Yes, because a quorum was present.
No, because an urgent project requires a unanimous vote.

Explanation:

The voting rule for an Executive Committee is a majority of its total membership. For a 7-member committee, this means at least 4 "yes" votes are needed, regardless of how many attend the meeting. Three votes are insufficient.

Question 190: Which of the following actions is absolutely reserved for the full Board of Directors and can NEVER be delegated to an Executive Committee?

Hiring a new Vice President.
Approving the sale of a minor corporate asset.
Declaring and distributing cash dividends.
Entering into a new lease agreement for an office.

Explanation:

The decision to distribute profits to stockholders through cash dividends is a fundamental financial power that Section 34 explicitly prohibits from being delegated to an Executive Committee.

Question 191: The Board created a "Compensation Committee" composed of two directors and the Head of HR (a non-director) to recommend salary structures. Is this committee validly formed?

No, because all committee members must be directors.
No, because it was not mentioned in the by-laws.
Yes, because the board has the power to create special advisory committees with non-director members.
Yes, but its recommendations are final and do not need board approval.

Explanation:

This is an "other special committee," not an Executive Committee. The board has the inherent power to create such advisory groups and can determine their composition, including non-directors, to leverage their expertise.

Question 192: The by-laws allow for a 5-member Executive Committee. The Board appoints 3 directors to it. The committee meets, and 2 members vote to approve a contract. Is the contract validly approved?

Yes, because 2 is a majority of the 3 members present.
No, because the by-laws require a 5-member committee.
No, because the required vote is a majority of all 5 members (3 votes), and it only received 2.
Yes, if the contract is fair and reasonable.

Explanation:

Even if the board only appointed 3 members, the voting requirement is based on the full membership size set by the by-laws (5). A majority of 5 is 3. Since the motion only got 2 votes, it is not validly approved.

Question 193: The full Board passes a resolution stating, "The budget for Project X is hereby set at P10 million and this resolution is final and non-amendable." Can the Executive Committee later increase the budget to P12 million?

Yes, if it has the authority to approve budgets.
Yes, if all members of the committee agree.
No, because the full board expressly made the resolution non-amendable.
No, because the Executive Committee can never approve budgets.

Explanation:

This is one of the specific limitations on the power of an Executive Committee. It cannot amend or repeal a resolution that the full board has declared to be non-amendable.

Question 194: What is the primary purpose of allowing the creation of an Executive Committee?

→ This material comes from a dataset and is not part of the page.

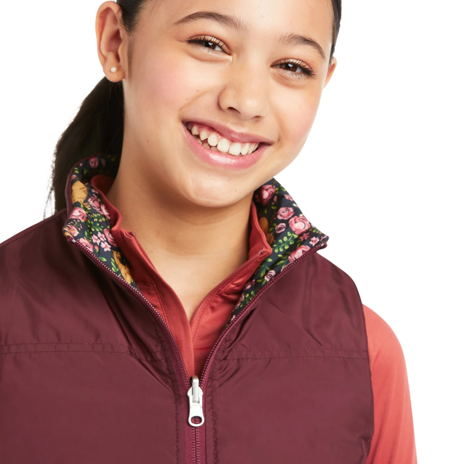 Ariat Girls Emma Reversible Navy Floral Horse Insulated Vest 10037631

To give senior directors more power.
To handle corporate matters more efficiently by not having to convene the full board for every decision.
To replace the need for a full Board of Directors.
To comply with a mandatory SEC requirement.

Explanation:

The Executive Committee is a tool for efficiency. For large boards or corporations with frequent decisions, it allows a smaller group to act quickly on behalf of the board without the logistical challenges of calling a full board meeting.